What you are asked to do
Transcribe the listing word for word, beginning at its first line and ending at the line containing "Foi uma hospedagem"; omit the pictures.

⁂

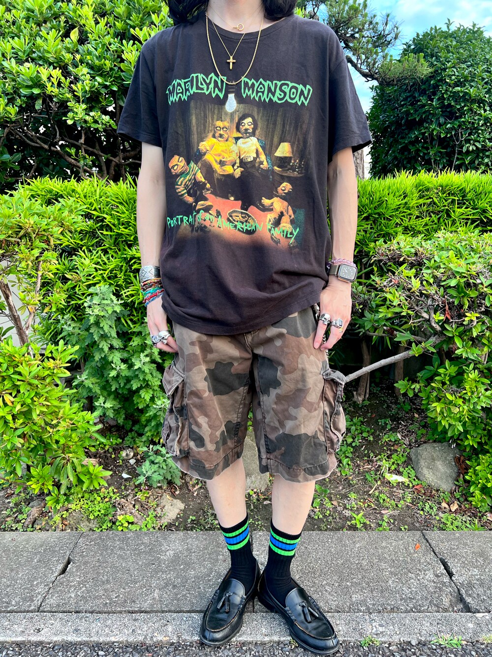 ・Tシャツ/マリリンマンソン ・カーゴパンツ/VINTAGE ・靴下/ファミマ ・ローファー/ハルタ ・ネックレス/Tiffany 肩が張ってるのが気になる🥹
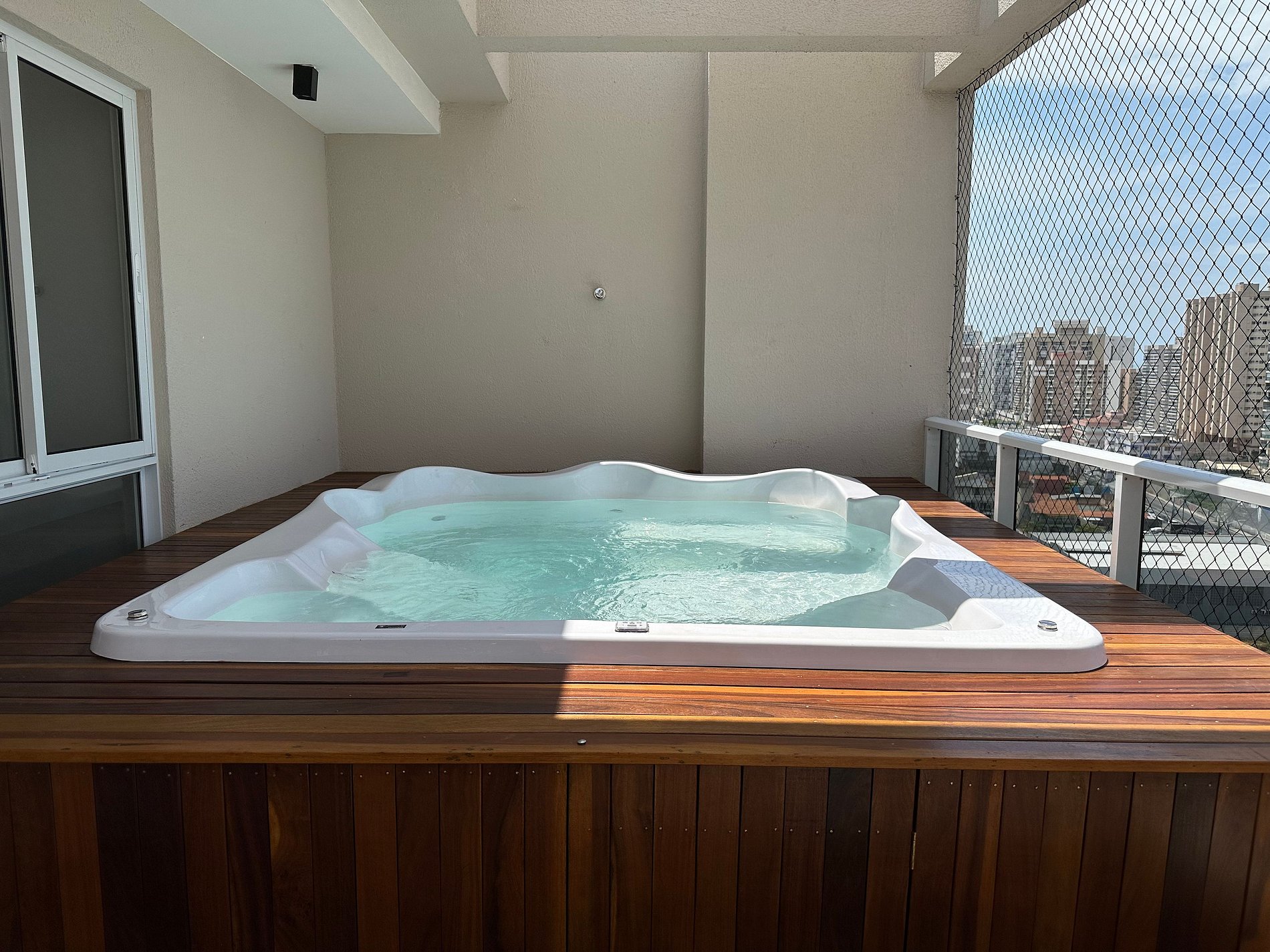 Foi uma hospedagem como era esperado, com muito conforto. O apartamento é muito bom, condiz com o divulgado. Logo ao entrar sentimos o cuidado ao nos receber, ambiente cheiroso, toalhas macias e felpudas, lençóis de ótima qualidade, limpeza primorosa, cozinha equipada com eletrodomésticos essenciais, ressalvando que se forem cozinhar, as panelas podem ser insuficientes. Senti falta de potes para armazenar pequenas quantidades de comida. Para famílias com crianças pequenas não indico, pois as vidraças não tem proteção. Um ponto a ser observado é que o blackout das cortinas não impede a claridade extrema logo ao nascer do sol. A jacuzzi é grande e muito limpa. A área superior poderia ser melhorada, colocando cadeiras de praia para as pessoas que optassem por permanecerem naquele espaço, tomando sol e apreciando um bom churrasco. Os funcionários do condomínio são educados e prestativos.
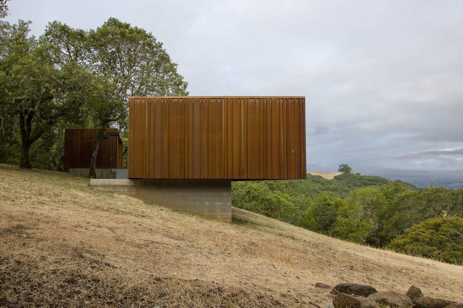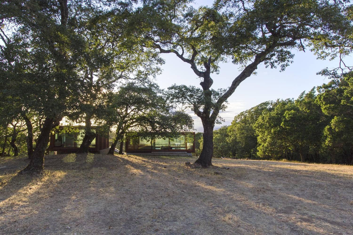 Dům se skládá ze dvou podobných boxů ve tvaru kvádru, které stojí na betonových soklech zasazených do svahu dubového lesa. Větší z nich o rozměrech 12 x 5 metru slouží jako hlavní dům majitelů. Jeho interiér rozděluje vložená kostka z bílého dubu, ve které se nachází ložnice. Prostornější část boxu pak zabírá otevřený společný prostor kuchyně, jídelny a obýváku, opačný konec pak patří malé koupelně s toaletou. Menší box umístěný výše ve svahu slouží jako pokoj pro hosty.
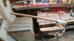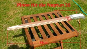 Neptun 23, hier in der Version mit Pfeifer Alugussruderkopf mit exakt 40 mm zwischen den Flanken und sogar mit passendem Ausleger
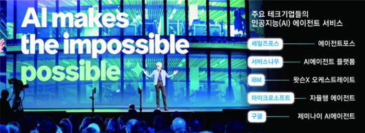 지난해부터 기업용 소프트웨어를 만드는 주요 테크기업들은 ‘AI에이전트’를 전략의 중심에 두고 있다. 기업 간 거래(B2B) 소프트웨어로 유명한 세일즈포스는 지난해 9월 ‘에이전트포스’를 공개했고 마이크로소프트도 다양한 기업 업무에 걸맞은 AI에이전트를 애저 클라우드를 통해 서비스하고 있다.
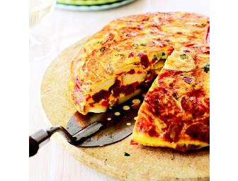 No doubt about it, the Tortilla Espanola or Spanish Omelet is the most commonly served dish in Spain. It is also called Tortilla de Patata or Potato Omelet. Bars and cafés serve it as a tapa or appetizer, but it is often served as a light dinner in Spanish homes. Because it is easy to transport, the Spanish make bocadillos or sandwiches by placing a piece between two pieces of a baguette. There are lots of variations of tortillas or omelets. lets explore a few together.
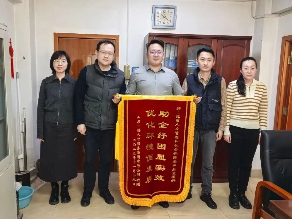从创新机制搭建到精准融资对接,从优质资源链接到多元平台赋能,区人社局的服务始终紧扣企业发展脉搏,彰显了“主动靠前、精准赋能”的服务温度与担当。一面锦旗,一份肯定,更是一份沉甸甸的责任。这份信任,既是对区人社局过往工作的高度认可,更是激励全体工作人员努力前行的动力。展望未来,槐荫区人社局将始终坚守服务初心,以更务实的作风、更有力的举措,持续优化对企服务质效,用真心真情回应企业期盼,奋力续写助企纾困、赋能发展新篇章。
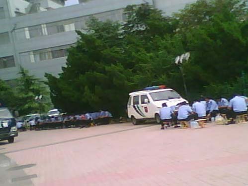 (维权网信息员功长虹报道)本网信息员获悉,山东济南市泉城广场多日来被警员封锁,昨日(2012年9月16日)正值星期日。官方大量增加了警员,防范大学生发起的“保岛”游行活动。警员由蓝衣警员、黑衣警员、保安三部分人员组成,遍布广场各个角落。泉城广场泉标附近8组四个方向蓝衣警员换班警戒。还有流动巡逻车,蓝衣和黑衣流动巡逻警员。凡是有进口的地方都有塑料制品的挡板,挡着人们进出。怕有人带入标语,一般站岗人员会让准备进广场的人员打开包查验一下,看看里面有没有可疑物品。如临大战一样的超级戒备。

⁂

Answer below
 ・Tシャツ/マリリンマンソン ・カーゴパンツ/VINTAGE ・靴下/ファミマ ・ローファー/ハルタ ・ネックレス/Tiffany 肩が張ってるのが気になる🥹
 Foi uma hospedagem como era esperado, com muito conforto. O apartamento é muito bom, condiz com o divulgado. Logo ao entrar sentimos o cuidado ao nos receber, ambiente cheiroso, toalhas macias e felpudas, lençóis de ótima qualidade, limpeza primorosa, cozinha equipada com eletrodomésticos essenciais, ressalvando que se forem cozinhar, as panelas podem ser insuficientes. Senti falta de potes para armazenar pequenas quantidades de comida. Para famílias com crianças pequenas não indico, pois as vidraças não tem proteção. Um ponto a ser observado é que o blackout das cortinas não impede a claridade extrema logo ao nascer do sol. A jacuzzi é grande e muito limpa. A área superior poderia ser melhorada, colocando cadeiras de praia para as pessoas que optassem por permanecerem naquele espaço, tomando sol e apreciando um bom churrasco. Os funcionários do condomínio são educados e prestativos.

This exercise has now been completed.